Visualizing model fit of random slope model

mm_pred_group_randomslopes <- cbind(pred_grid, biomass = predict(mm_fit_randomslopes, newdata = pred_grid))
mm_pred_population_randomslopes <- data.frame(soilN = c(0, 10), biomass = predict(mm_fit_randomslopes, newdata = data.frame(soilN = c(0, 10)), re.form = ~ 0))
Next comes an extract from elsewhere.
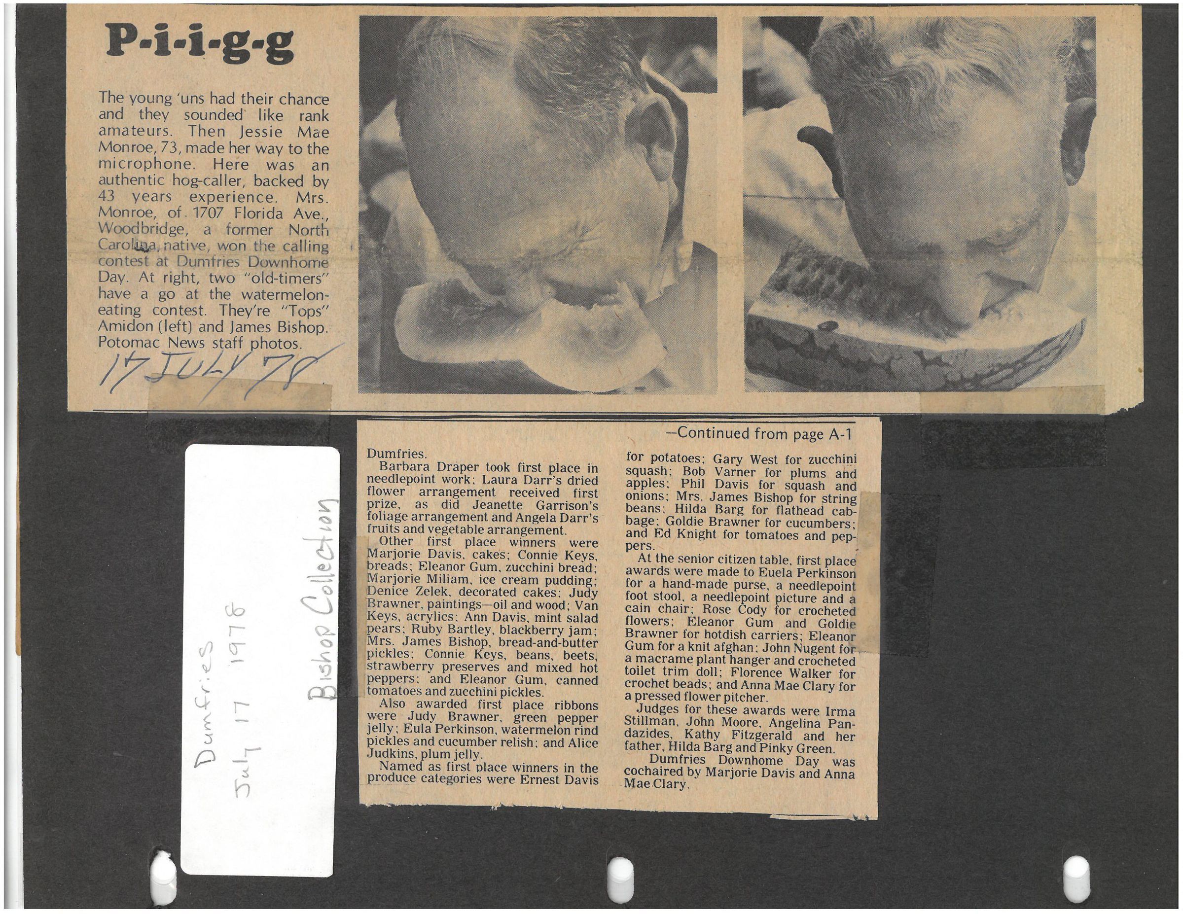 Dumfries Downhome Day was cochaired by Marjorie Davis and Anna Mae Clary.Transcriber

ggplot(soilN_biomass, aes(x = soilN, y = biomass, color = field)) +
  geom_point(size = 1.5) +
  theme_bw() +
  geom_line(data = mm_pred_group_randomslopes) +
  geom_line(data = mm_pred_population_randomslopes, color = 'black', size = 1)
  • Group-level predictions for each field now have different slopes and intercepts

Delving into mixed model output

  • Diagnostic plots
  • Model summaries

Diagnostic plots

  • Does the statistical model meet all assumptions?
  • Residuals need to be roughly normally distributed and have no trend with respect to the fitted values
  • Random effects need to be normally distributed
  • check_model() from easystats package produces all the diagnostic plots you need
check_model(mm_fit_randomslopes)

Residual diagnostics

  • The plots look great! (because this is fake data)
  • Linearity and homogeneity of variance plots show no trend
  • Normal Q-Q plots for the overall residuals (bottom left) and the random effects (bottom right) both straight lines
  • I recommend against formal tests on residuals, e.g. Shapiro-Wilk test
  • Assumptions like “normal residuals” are only approximations
  • A perfect normal distribution does not exist in nature, just like a perfect circle does not exist
  • Just has to be “close enough” for the model to be valid

The most important assumption of a linear model

  • Are individual data points independent samples?
  • Or if not, did you account for any dependence between them in your model?
  • Mixed models allow us to account for the partial dependency of data points

Model summaries

  • summary() of the fitted model object gives us a lot of output
    • Distributions of residuals and random effects
    • Fixed effect coefficients with t-tests
summary(mm_fit_randomslopes)

Getting parameters from the fit object

  • ranef(): random effects
  • fixef(): fixed effects
  • coef(): coefficients
    • Add the random effect for each group to the fixed effect
    • Result is the group-level intercepts and slopes
ranef(mm_fit_randomslopes)
fixef(mm_fit_randomslopes)
coef(mm_fit_randomslopes)

ANOVA

  • Use the function anova()
  • We need the lmerTest package for this
anova(mm_fit_randomslopes)
  • Degrees of freedom for the F-test are estimated with an approximation
  • Because linear mixed models’ degrees of freedom are “somewhere in between”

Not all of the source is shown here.